I'm curious how the 6 months have looked from a non-programmer's perspective. What kind of co-working tools and similar optimizations have people from other fields experienced?
I'm curious how the 6 months have looked from a non-programmer's perspective. What kind of co-working tools and similar optimizations have people from other fields experienced?
I am an instructor who helps deliver an apprenticeship. My new boss has been in our industry for about 20 years and is one of the most respected people in our company. They've just joined us to teach and are off doing a two week course. On the first day she was told to let AI write all of her lesson plans, and then feed the lesson plans to AI to make her slides...
Hopefully she rejects all this out of hand, but if she doesn't it'll mean that none of our trainees get the benefit of her experience, who she is as a person, and what she has to pass onto them.
We have 6 monthly reviews as instructors where we are told the same thing. "How could you use AI for your teaching?"
They don't even feel the need to justify why this would be desirable, or is needed at all. It's just pure bandwagonning. Unbelievably, most of my coworkers are extremely positive about AI, although none of them have told me they use it for anything besides preparing their lessons for them — they just use it instead of having to think, or spend time preparing...the only important thing they do at work.
It makes no sense to me.
I work at a company that deploys AI to enterprises
The average office worker is amazed at Copilot (not in the IDE - but the app bundled with Windows), and they mostly copy paste material into their enterprise provided ChatGPT / Gemini, and get tips from Facebook / Instagram on their top 5 best prompts for work productivity
Showing them agents that automate work at scale is a very magical experience
Claude in Office was a tipping point for nontechnical folks around me. Everyone’s slides decks are immaculate now. Finance isn’t needing nearly as much BI help. It’s pretty impressive.
Can I get Claude to view the slide decks for me so I don't waste my time?
Interesting. I don't have to use PowerPoint much, but I hate it when I do. I don't want the llm to write the words but I do want it to make things look nice. So does this work well now?
My pipeline for this is vscode + prompts + markdown templates + GitHub copilot -> markdown docs -> pandoc to produce.docx -> copilot in word for “nice” formatting -> copilot in ppt for nice decks. LLMs all the way down.

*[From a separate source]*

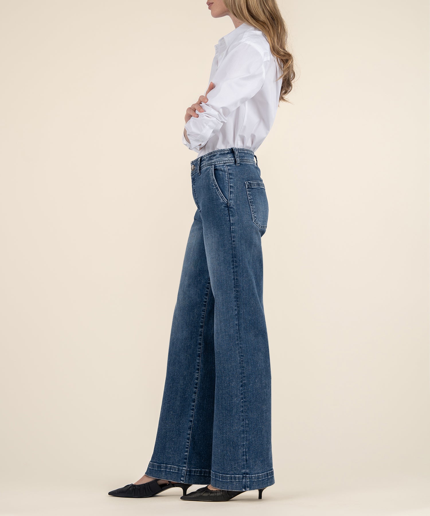 - Designed with a high-rise fit and wide-leg silhouette, these jeans feature stylish slash front pockets, blending effortless comfort with a modern edge.

I find it’s easier to version control and diff the .md artefacts, those remain my authoritative source.
In business: using coworking tools to review and propose filing of emails; manage my files and folders; on a daily basis scour the intranet for interesting and relevant content.
Personal: my wife tutors in her native language to non-native primary and high school kids. They are all using these tools now generate fresh content for practice based on school lesson plans. The kids are improving much more quickly now than they were just a few months ago.

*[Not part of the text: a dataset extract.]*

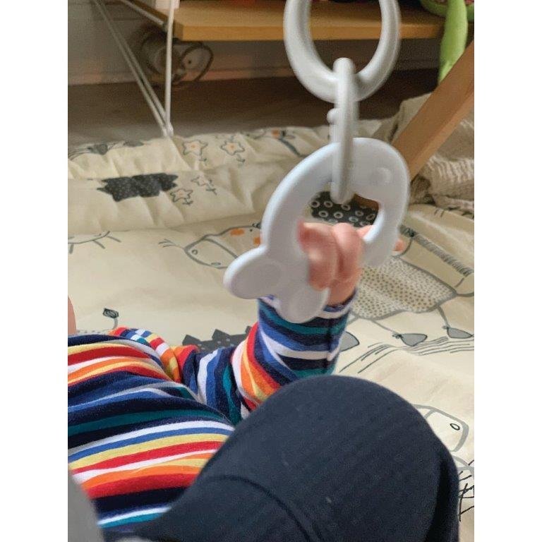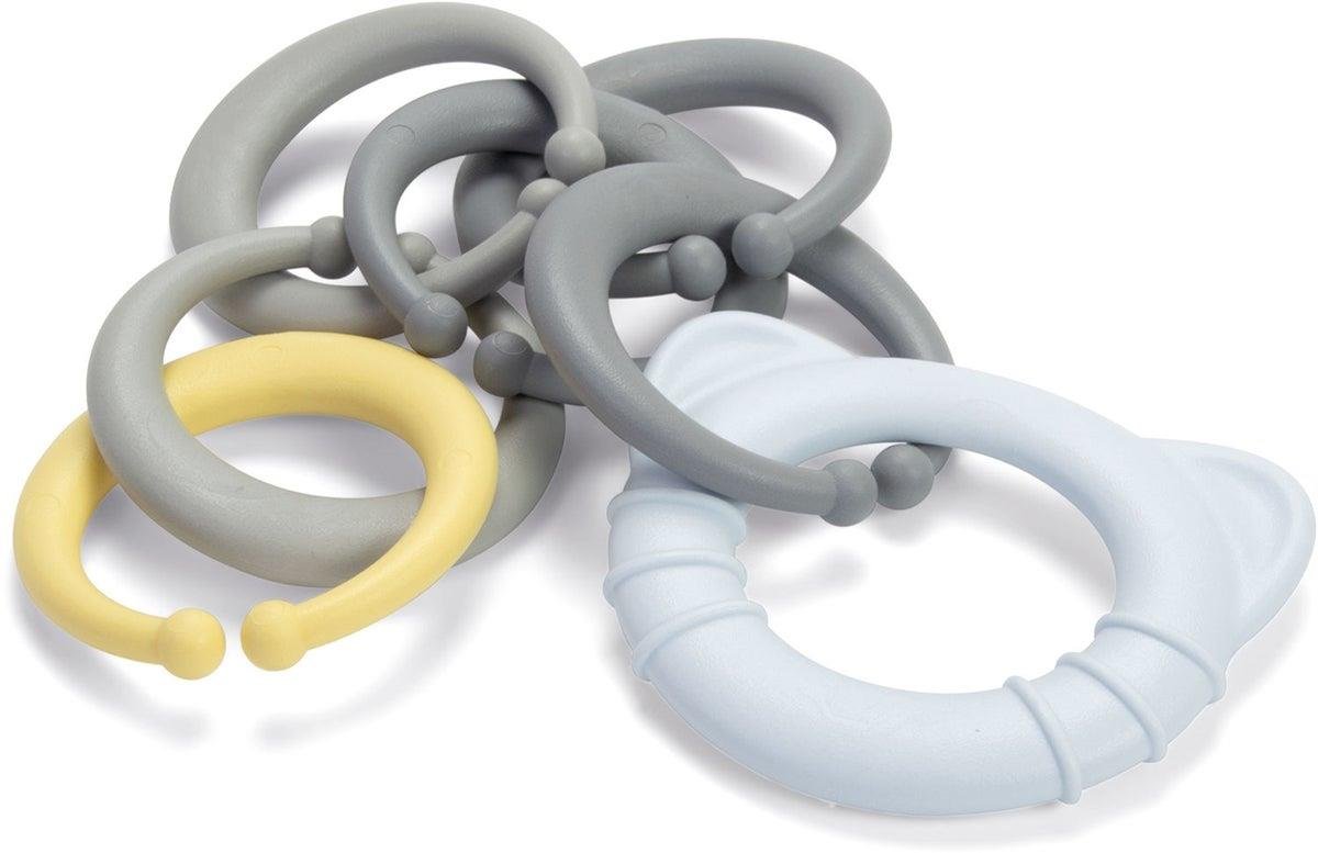 Ekologiczny gryzaczek wraz z łańcuszkiem kilku obręczy: wykonano z trzciny cukrowej i włókien bambusa. Wszystkie elementy są bezpieczne do gryzienia przez malucha, a obręcze można wykorzystać do przywieszania innych zabawek.

As someone who works somewhere where the intranet is a bit of a jungle: what tool do you use to scour the intranet?
Thanks!
Copilot Cowork in the M365 ecosystem. It inherits all the permissions from my account, has access to exchange to send me emails, and OneDrive to save each day’s summary for posterity and future refinement.

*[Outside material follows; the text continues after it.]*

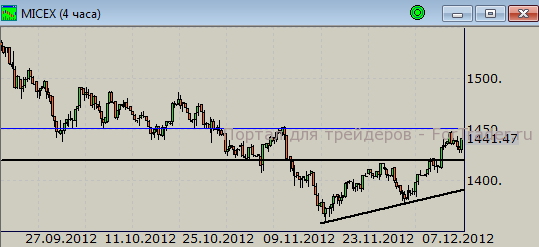 Дальнейшее движение индексов будет проходить в новом диапазоне – 1420 – 1445 пунктов. Для прорыва уровня 1450 пунктов нужно, чтобы аппетит к риску повысился, чего мы не наблюдаем с утра.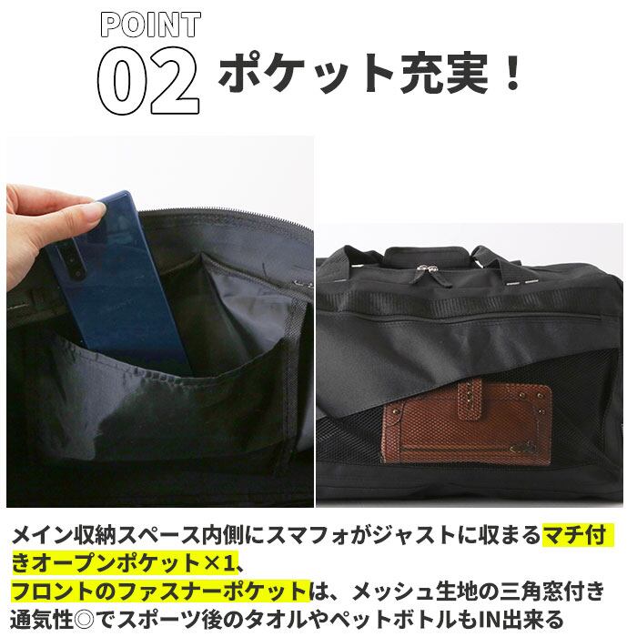 ・三角形のメッシュで中身が見えるフロントポケットが印象的!TIGER LABEL(タイガーラベル)の大容量ボストンバッグ。

As a former data scientist, I started to use code agent 3 monthes ago. Before that, I use chat completion on web. Now, I nearly do everything which outputs documents with code agent.
Can you give a sanitized example or a hypothetical scenario of what you mean by “output documents with code agents”? Thanks.
My day job is not in the tech industry. I am an editor. Literally nothing has changed for me in the last four years.